## Items from a dataset

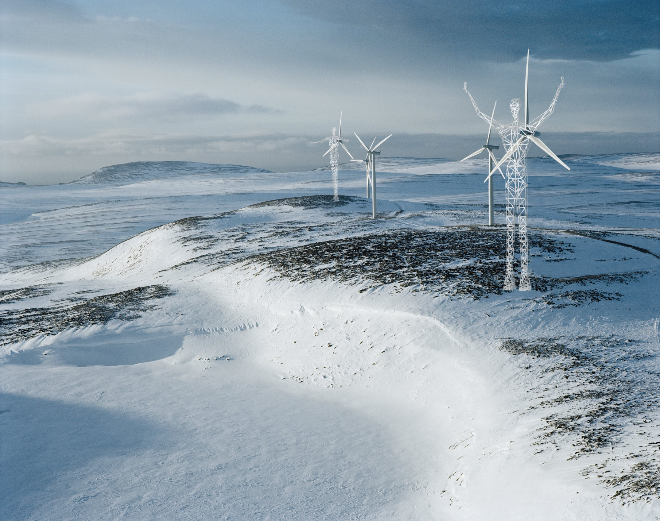 The Giants of The Wind creates iconic, graceful structure befitting the soft movement of wind turbines, transforming mundane infrastructures into kinetic sculptures on the landscape. Wind is a growing source of green energy. However, wind turbines are becoming excessively dominant on the landscape as their size and numbers increase. Rather than locating wind turbines out of sight, this project creates landmark, transforming the sites into destinations.
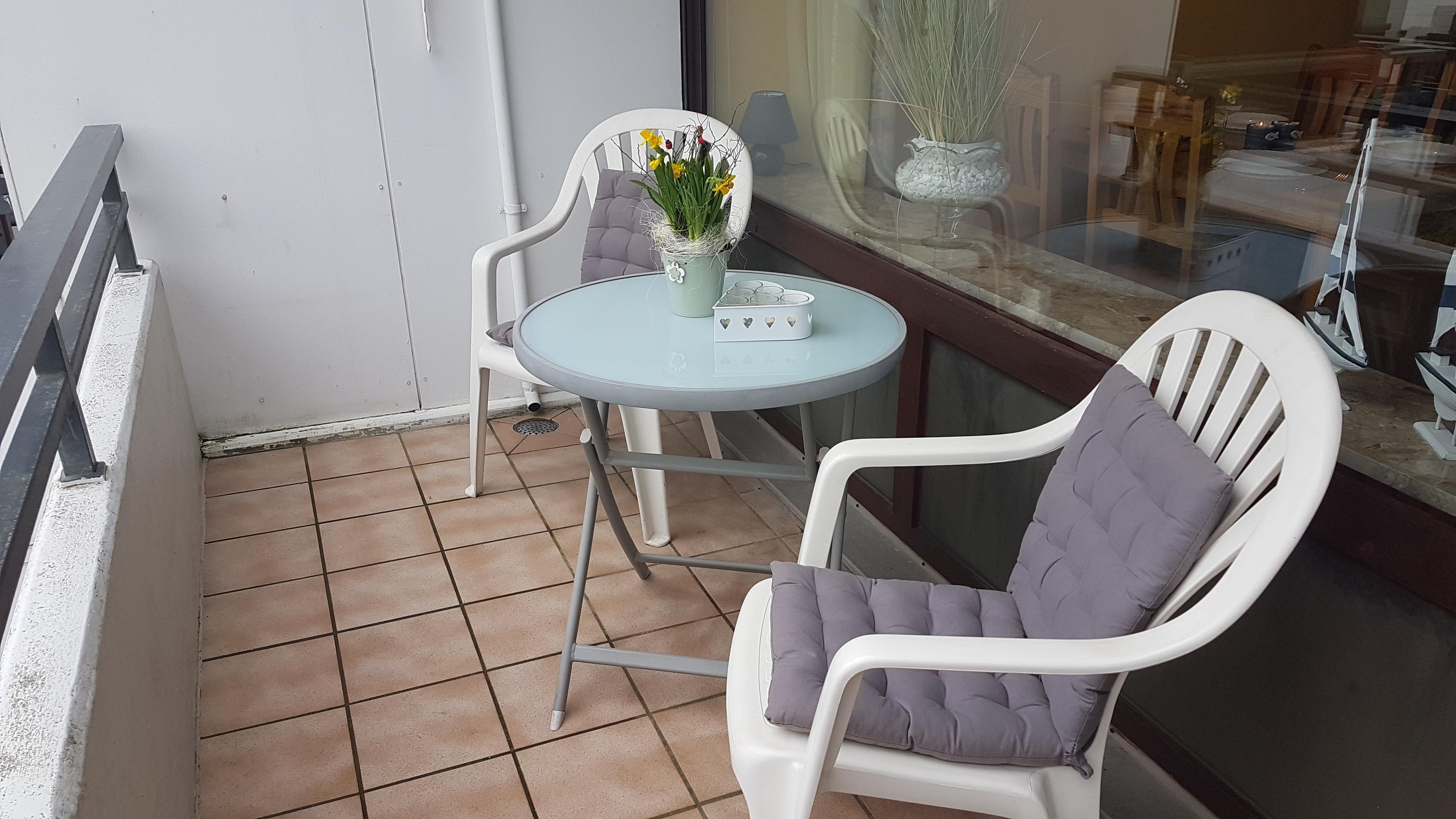 1a-Lage, 44qm Ferienwohnung im 1. Stock mit möbliertem Balkon. Stellplatz direkt am Haus. 3 Gehminuten vom Strand entfernt.
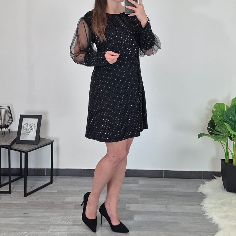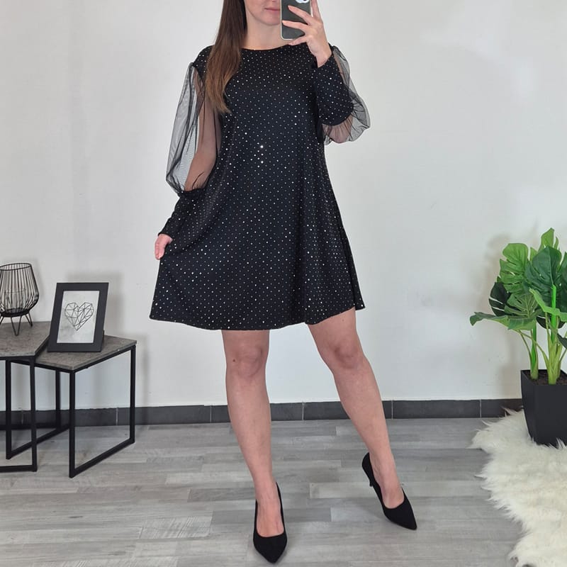 Modna ženska obleka v črni barvi s srebrnimi kamenčki. Obleka ima širša prozorna rokava, zaključena so s patentom. Velikost je univerzalna, primerna od M do XL.
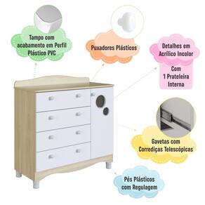 Comoda Infantil 4 Gavetas 1 Porta com Pes Encanto Completa Moveis A Comoda Infantil 4 Gavetas e 1 Porta Linha Encanto da Completa Moveis e versatil, e elegante, com caracteristicas que a destacam. Ideal para o quarto do seu bebe, alem de permitir que a use como trocador/ fraldario! Gavetas que facilitam e otimizam o espaco e aconchego para o ambiente. Produto em MDP com corredicas telescopicas, puxadores em plastico e pes com regulagem de altura, o que a torna um diferencial!
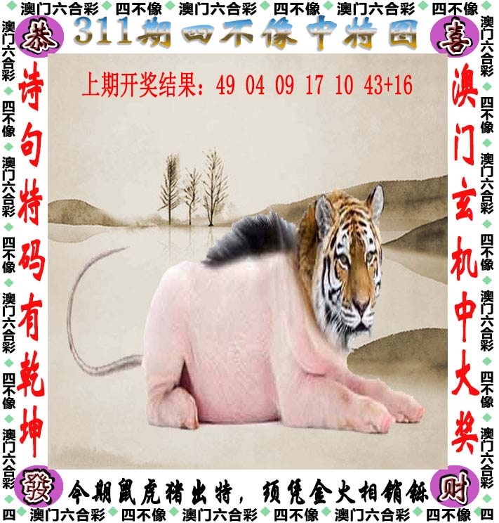 | 311期 | 兔猪牛羊 | 虎马龙猴 | 开:?00 |
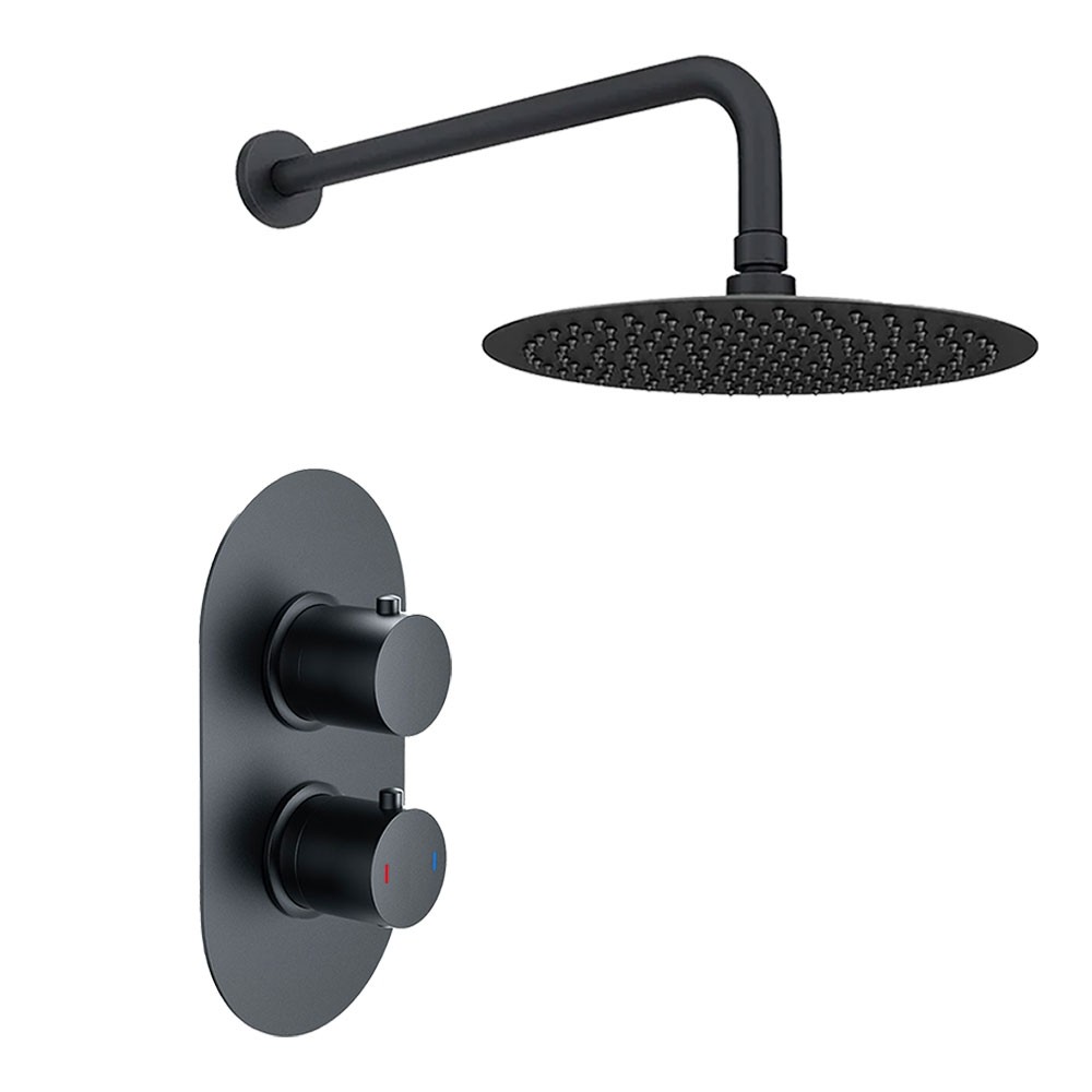 Dual Control Matt Black Round Concealed Thermostatic Shower Mixer Valve with Wall Mounted Shower Head - 1 Outlet

## Assignment
Once the pictures are set aside, output all of the data above verbatim.

## The answer
 The Giants of The Wind creates iconic, graceful structure befitting the soft movement of wind turbines, transforming mundane infrastructures into kinetic sculptures on the landscape. Wind is a growing source of green energy. However, wind turbines are becoming excessively dominant on the landscape as their size and numbers increase. Rather than locating wind turbines out of sight, this project creates landmark, transforming the sites into destinations.
 1a-Lage, 44qm Ferienwohnung im 1. Stock mit möbliertem Balkon. Stellplatz direkt am Haus. 3 Gehminuten vom Strand entfernt.
 Modna ženska obleka v črni barvi s srebrnimi kamenčki. Obleka ima širša prozorna rokava, zaključena so s patentom. Velikost je univerzalna, primerna od M do XL.
 Comoda Infantil 4 Gavetas 1 Porta com Pes Encanto Completa Moveis A Comoda Infantil 4 Gavetas e 1 Porta Linha Encanto da Completa Moveis e versatil, e elegante, com caracteristicas que a destacam. Ideal para o quarto do seu bebe, alem de permitir que a use como trocador/ fraldario! Gavetas que facilitam e otimizam o espaco e aconchego para o ambiente. Produto em MDP com corredicas telescopicas, puxadores em plastico e pes com regulagem de altura, o que a torna um diferencial!
 | 311期 | 兔猪牛羊 | 虎马龙猴 | 开:?00 |
 Dual Control Matt Black Round Concealed Thermostatic Shower Mixer Valve with Wall Mounted Shower Head - 1 Outlet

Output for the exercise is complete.